Несколько передохнув, он скинул товарища на лед, стынущими руками подтянул к себе жердочку, лег на нее и без труда выбрался на берег.
— Дерьмо ты, дерьмо! — сказал под всеобщее оханье. — Ведь ты, подогнув ноги, кричал! — И, чтобы придать весомость своим словам, пнул ослабевшего утопленника в зад.
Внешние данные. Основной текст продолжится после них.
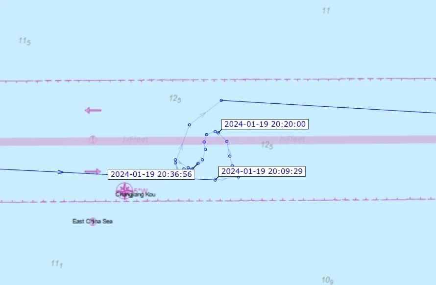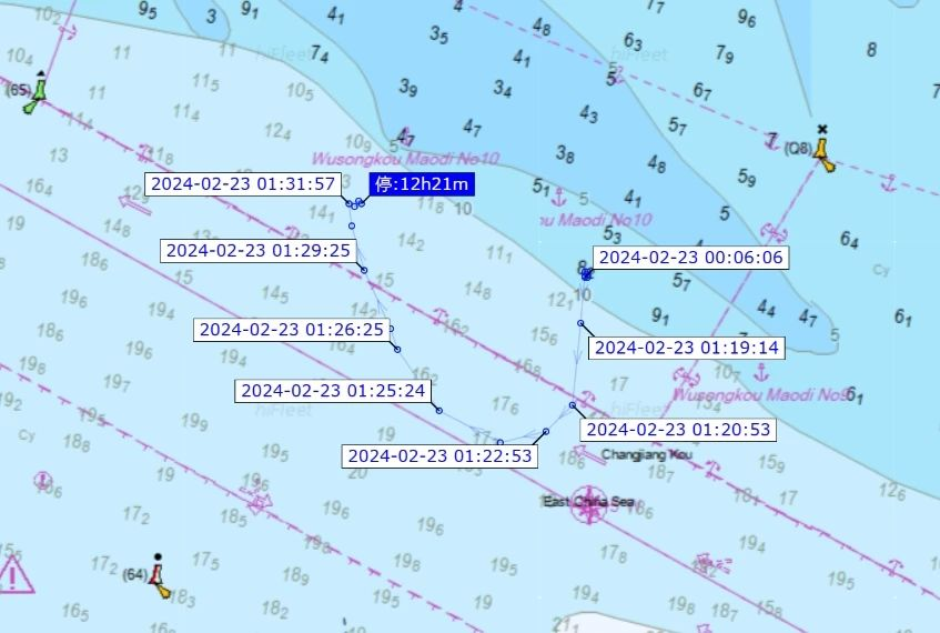 2024年1月19日2003时,北槽8号灯浮出口船“NCC”轮报告左锚及10节锚链滑落水中。吴淞交管中心立即启动预案,对周围船舶进行交通组织。2039时,该轮左锚及锚链绞起收妥。吴淞交管中心安排该轮前往长江口3号锚地抛锚待查。

Стасис тогда схватил жестокий насморк, не было времени болеть серьезнее, а вот Вайчюлюкас так и не поднялся с постели: сгорели легкие. Вернувшись с кладбища, старый Вайчюлис зашел к Жолинасам, сидел опустив голову, молчал, мял треух и на прощание сказал:
— Он в бреду все время тебя звал.
Стасис молчал.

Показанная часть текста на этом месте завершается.